L’un des ingrédients de notre réussite est sans
conteste la sécurité», confie Boris Belohlavek,
président de Pari-Roller.
Afin d’éviter au maximum l’accident, les consignes
sont strictes au départ : la randonnée est réservée
aux patineurs confirmés. Le parcours n’est pas de tout
repos, alternant les descentes et les pavés, pendant près
de trois heures. Les protections sont recommandées, car nul n’est
à l’abri d’une petite chute. Alors à l’heure
de partir, tout le monde est équipé ; genouillères,
protège poignets et même casques pour les plus prudents.
Une dernière gorgée d’eau, une barre de céréales
et la foule s’élance à travers la capitale.
Pour assurer la sécurité des milliers de patineurs, les
organisateurs travaillent en étroite collaboration avec la préfecture
de police et la Sécurité Civile. Cette dernière
fournit chaque semaine deux ambulances qui suivent le cortège.
Mais aux côtés des patineurs, le staff veille. Ce groupe
est chargé, pendant toute la durée du trajet, de surveiller
la progression du peloton. Aisément reconnaissables avec leurs
chasubles jaunes, ils sont quelques 150 patineurs d’exception,
bénévoles, à prévenir les comportements
dangereux. «Dès que l’on aborde un carrefour important,
ils sont là pour nous avertir, c’est une présence
rassurante», dit Cyril, adepte de la randonnée.
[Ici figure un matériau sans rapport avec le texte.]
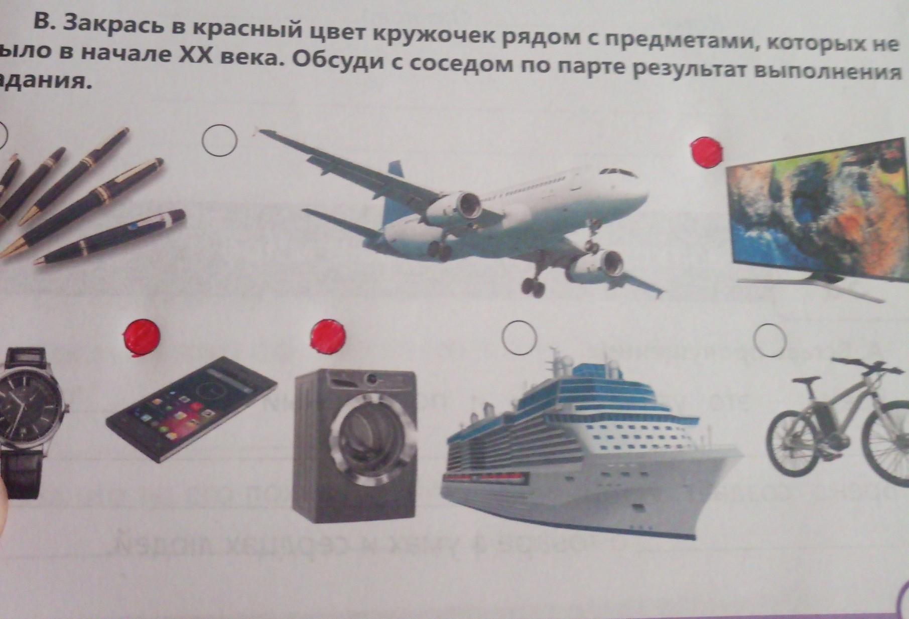 В. Закрась в красный цвет кружочек рядом с предметами, которых не было в начале XX века. Обсуди с соседом пo пaрте результат выполнения задания.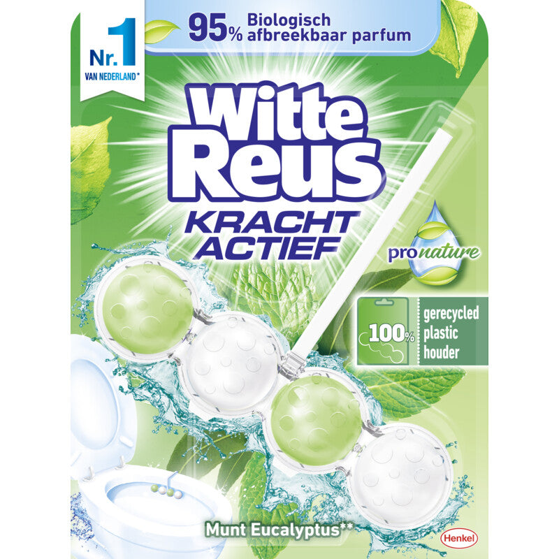 Witte Reus pro nature munt eucalyptus zorgt voor een schoon en fris toilet door middel van natuurlijke ingredienten. Het is een duurzame en handige Manier om te zorgen voor een schoon toilet. Reinigt je toilet bij elke spoelbeurt en voorkomt de vorming van vuil Formule bevat natuurlijke ingredienten en is vrij van siliconen Op de natuur geinspireerde munt- en eucalyptus geur voor extra frisheid Toiletblok met een 100% gerecyclede plastic houder en karton Witte Reus zorgt voor een hygienisch schoon toilet. Witte Reus Kracht Actief Pro Nature Munt Eucalyptus Toiletblok zorgt voor een schoon en fris toilet door middel van natuurlijke ingredienten. Het is een duurzame en handige Manier om te zorgen voor een schoon toilet van de eerste tot de laatste spoelbeurt. Witte Reus Pro Nature wcblok bestaat uit een 100% gerecyclede verpakking en houder. Daarnaast ondersteunt Pro Nature de Plastic Bank, een sociale onderneming die het plastic in de oceaan wil verminderen en kansen biedt aan mensen in armoede. Het karton en de houder van de toiletreiniger zijn 100% recyclebaar. Om te recyclen, scheid het karton van de plastic verpakking. Dit typische Nederlandse merk staat voor waskracht, kwaliteit en betrouwbaarheid. De wasmiddelen zijn verkrijgbaar in capsules, gels en poeder. Door de jaren heen is de Witte Reus familie gegroeid! Naast wasmiddelen biedt Witte Reus ook de meest complete oplossing voor het reinigen en fris houden van je toilet. De Witte Reus toiletblokken zijn de meest verkochte toiletblokken van Nederland!

Devant pour ralentir les plus rapides, derrière pour presser
les traînards, le staff est partout. Même au sein du cortège
où le staff en civil déambule, reconnaissable grâce
à des badges. «Ils font un peu la police dans le peloton
pour éviter les accrochages ou freiner les plus téméraires»,
assure Marc, accro des sorties du vendredi soir.
Mais nul n’est à l’abri d’une chute. Qu’à
cela ne tienne, les secouristes sont là. L’équipe,
composée de titulaires d’un brevet de premier secours,
arpente la foule pour intervenir, munie d’une trousse de soins.
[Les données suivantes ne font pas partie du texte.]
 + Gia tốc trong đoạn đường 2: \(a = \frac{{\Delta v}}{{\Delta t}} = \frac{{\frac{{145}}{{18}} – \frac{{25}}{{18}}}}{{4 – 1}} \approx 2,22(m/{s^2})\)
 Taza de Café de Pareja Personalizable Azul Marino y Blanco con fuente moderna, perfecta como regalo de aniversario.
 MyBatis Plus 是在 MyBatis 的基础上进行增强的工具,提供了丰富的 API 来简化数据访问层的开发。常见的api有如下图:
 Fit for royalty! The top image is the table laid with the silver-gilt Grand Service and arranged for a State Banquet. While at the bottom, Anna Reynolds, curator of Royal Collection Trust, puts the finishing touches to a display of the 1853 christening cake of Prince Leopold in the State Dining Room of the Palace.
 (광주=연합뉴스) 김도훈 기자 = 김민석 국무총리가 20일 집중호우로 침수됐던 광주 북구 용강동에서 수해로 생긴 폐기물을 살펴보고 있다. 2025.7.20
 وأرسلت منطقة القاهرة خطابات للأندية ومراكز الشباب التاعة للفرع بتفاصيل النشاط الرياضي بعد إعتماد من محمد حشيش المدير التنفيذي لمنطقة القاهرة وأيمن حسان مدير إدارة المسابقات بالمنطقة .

En cas de chute grave, un appel au talkie-walkie et les ambulances suiveuses
interviennent.
Une organisation bien rôdée qui permet chaque vendredi,
sauf quand il pleut, de patiner en toute tranquillité à
travers la capitale. Une formule inédite qui fait de la randonnée
le plus grand rassemblement récurrent de roller au monde.